Mr Nice
During the 1970s, the most powerful Mafia crime family in the United States was that of Carlo Gambino, the prototype for Vito Corleone in Mario Puzo’s novel, The Godfather. Born in Sicily at the beginning of the century, Gambino was still of the old-school belief that the Mafia should steer away from involvement in drug-trafficking. Carmine Galante, the main contender for Gambino’s position as the godfather of the New York Mob, had no such scruples. The Mafia should control everything, including dope. Carmine Galante’s organisation used the services of Don Brown, an Irish-American who made his money dopedealing in Queens, New York, and spent it in Los Angeles. Don Brown knew Richard Sherman, an extremely shrewd Californian defence attorney retained by Ernie Combs. Unwittingly, Sherman introduced Ernie to Don Brown. A scam was born.
Large quantities of missing goods provided strong evidence of the Gambino crime family’s ability to remove items from John F. Kennedy Airport without going through the usual channels. Smuggling quickly followed. The preferred method was to send a cargo of legitimate goods from a New York company to the dope-producing country. The importing company in the dope country would ostensibly return the imported goods as faulty or different from ordered. In fact, a consignment of hashish would be sent and grabbed by the Mob.
As a prelude to the Nepalese scam, an air-conditioning company called Kool-Air had been formed in New York. It was ready to export real air-conditioning equipment. On separate flights, Old John and Tom Sunde, carrying a small suitcase full of Ernie’s dollars, flew to Kathmandu to take care of business. First Old John had to form a Nepalese company capable of importing air-conditioning equipment and let me know its particulars. A week later, I received a telegram from Kathmandu. The message comprised one word, ‘YETI.’ I knew that yeti was the Nepalese name for the abominable snowman of the Himalayas, but this didn’t help. Ernie was anxious for news. I didn’t know what to tell him, so I cabled Old John in Kathmandu to call me.
‘John, what’s this message mean?’
‘That’s the name of the thing you wanted.’
I wasn’t happy with calling an air-conditioning company The Abominable Snowman.
‘That’s really not a very relevant name, John.’
‘It’s very relevant, I promise you. They haven’t caught one yet.’
I gave up.
‘Okay, John, that’s the name. Is everything else all right?’
‘No. They don’t eat spaghetti here; they like to use chopsticks or they eat wurst or smorgasbord. We can’t get the thing to go for spaghetti.’
Each day I was finding Old John easier to understand. He was unable to ensure that the load would be transferred to Alitalia before it reached New York. He could only manage to ensure the consignment’s New York arrival on other European or Far East airlines. I told Ernie. He said he’d work on it.

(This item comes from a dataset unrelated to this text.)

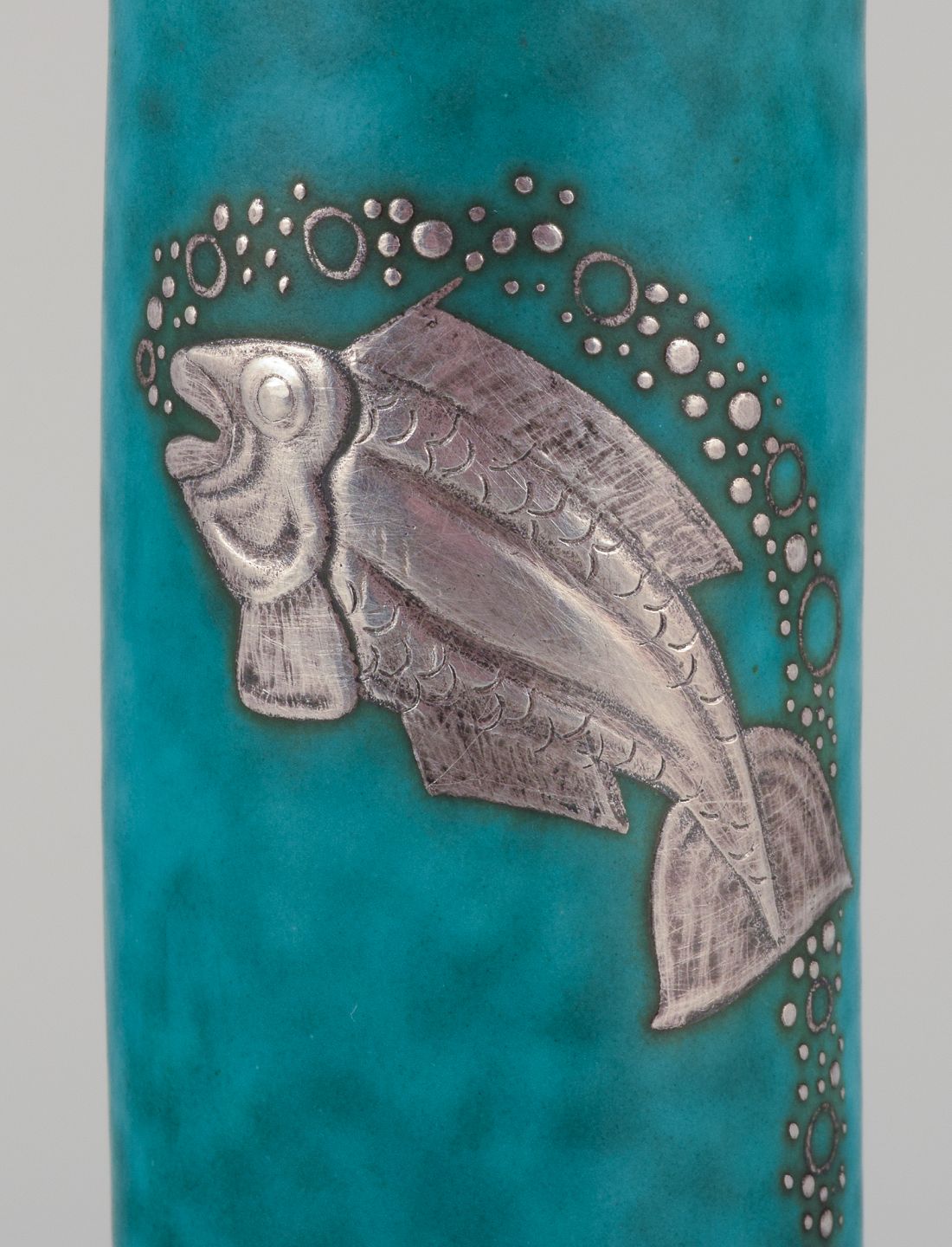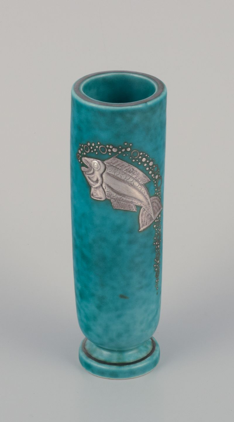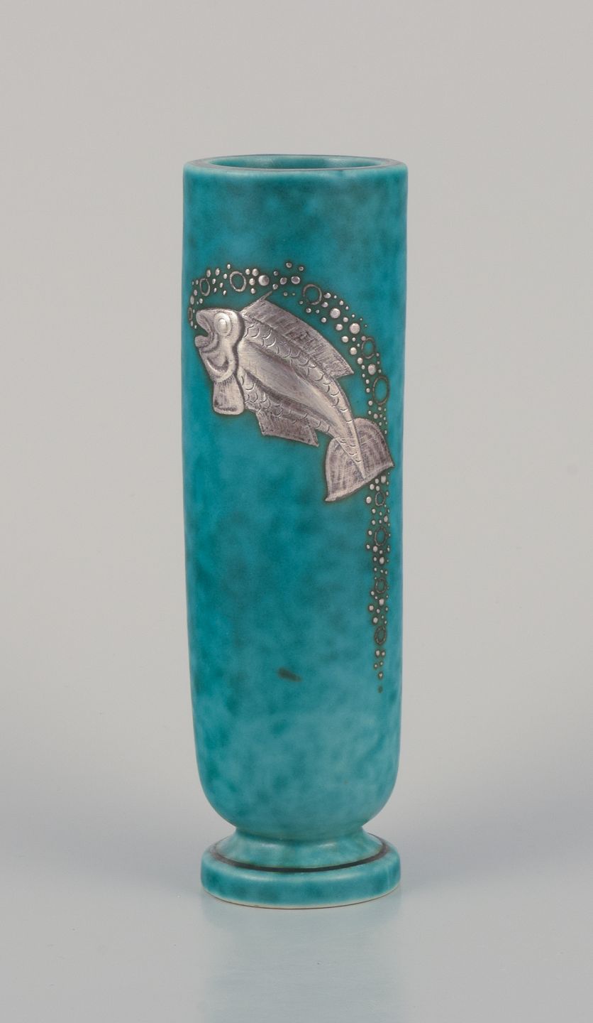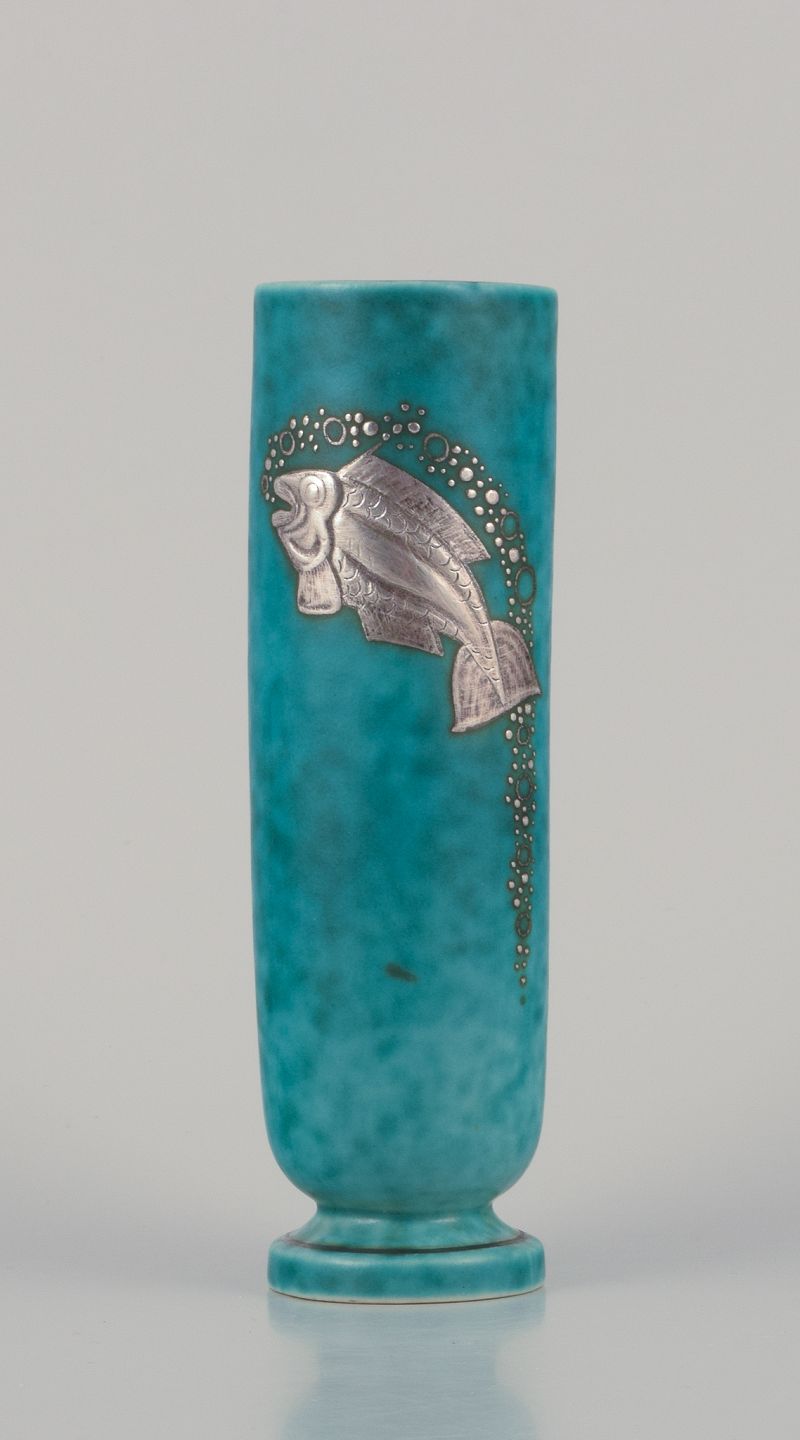 Wilhelm Kåge (1889-1960) for Gustavsberg. Slank keramikvase fra ”Argenta” serien. Motiv af fisk. Model 1029 Midt 1900-tallet. Stemplet. I perfekt stand. Mål: H 15,1 x D 4,5 cm.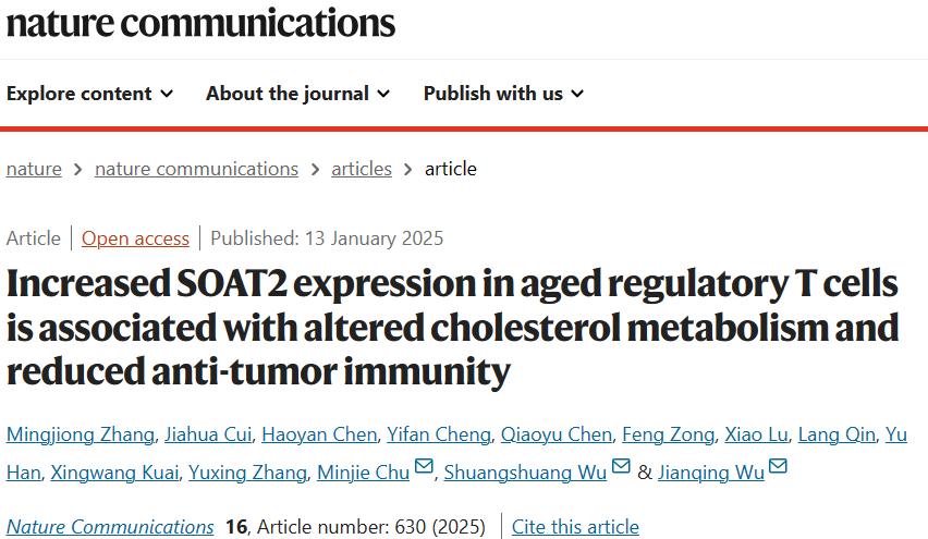 2025年1月13日,南京醫科大學吳劍卿、吳雙雙及南通大學褚敏捷共同通訊在Nature Communications 上在線發表題為“Increased SOAT2 expression in aged regulatory T cells is associated with altered cholesterol metabolism and reduced anti-tumor immunity”的研究論文。研究發現ER跨膜酶,固醇o -酰基轉移酶2 (SOAT2)在老年肺鱗狀細胞癌(LSCC)患者的調節性T細胞(Treg)中過表達,而LSCC患者的影像組學分析表明SOAT2表達增加與免疫浸潤減少和不良預後相關。

With the money Ernie had given me, I added some luxuries to the Regent’s Park penthouse: a stereo system and records. Judy’s father and his girl-friend had moved into the Brighton family flat, so Judy now had the use of her father’s flat, which was quite near Regent’s Park. At about four o’clock on a spring afternoon, I was alone in the penthouse, idly gazing at London’s skyline and listening to Ladies Love Outlaws by Waylon Jennings. I looked down and saw four hefty men with overcoats rushing up the street towards the entrance to my block of flats. Something told me they were coming for me, but I didn’t know who they were. The ground-floor entrance doorbell buzzed in the penthouse. I asked who it was, and a muffled voice said something incomprehensible. I released the downstairs door, put on my stoned glasses, walked out of the flat, and started descending the emergency stairs, reasoning that the men would be likely to take the lift. When I got to the bottom of the emergency stairs, I noticed that the four men were still outside the glass double-doored entrance. The caretaker was holding open one of the doors and talking to them. They all saw me, and the caretaker motioned his head in my direction. I walked slowly and brazenly to the door as if to leave the building. One of the men took a flash photograph of me.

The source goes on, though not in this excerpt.